# Advice on internet providers



## teandto (Jan 6, 2009)

Hi

Can anyone give me some advice or reccomendations on who to use for internet access? I need unlimited use, phone and broadband. I had been really just looking at CYTA but then someone recommended spidernet. so i hope someone can give me some help. 

I have a few questions - 

does anyone use either of these? 
are they any good? 
any other companies I should look at? 
What sort of costs?
How long does it take to get it installed?
anything else i need to know?

Thanks in advance for any help you can give.


----------



## Arranexpat (Aug 17, 2008)

We are with Cyta only because I have to have internet access and they are the main telecoms provider.
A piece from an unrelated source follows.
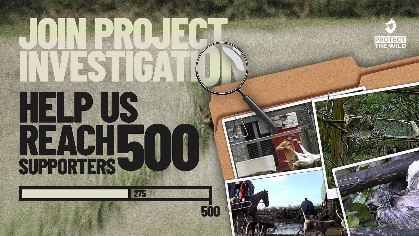 That’s why we’re launching Project Investigation, a fundraising drive to raise £2,500 a month so we can run investigations without compromising our frontline support. We’re asking 500 people to donate just £5 a month — enough to fund consistent, fearless, high-impact work that exposes cruelty and forces change. You’ve seen what our covert work can do: our Beaufort and VWH Hunt investigations shattered the trail hunting myth, our badger cull footage aired on the BBC and challenged government policy, and our exposés on raptor persecution are helping take down the shooting industry. We want to do even more — but only if we have the resources to keep going. Please, if you believe in what we do, be one of the 500 and help fuel this fight.
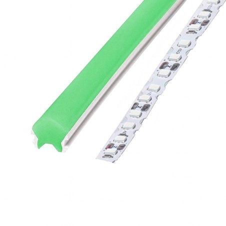 GREEN NEON COMBO pack with a 120-LED/m LED strip (9W, 12V) and a 1-meter silicone diffuser tube , compatible with LED strips up to 6 mm wide . Ideal for creating professional-looking neon-style light lines for decorative or commercial projects.

I'll be interested to se what anyone has to say about Spidernet.

Our Cyta bill breaks down as:

Cytanet Service: Monthly Charges = 11,50
Telephone Service: Monthly Charges = 13,93
Broadband Services: Monthly Charges = 17,50

Then add the VAT at 15% and call charges. 

NB if you are dialling International numbers, if you dial 1018 first it makes the call much, much cheaper. I only found this out last week!

It took about a week for the landline and broadband to be installed. You have to pay 150 EUR deposit in cash. Once you've paid the deposit they send out an engineer to check that the line is ok. Ours stayed and helped set up the broadband but I don't think they have to. There was about 100 EUR of extra charges on our first bill too.


----------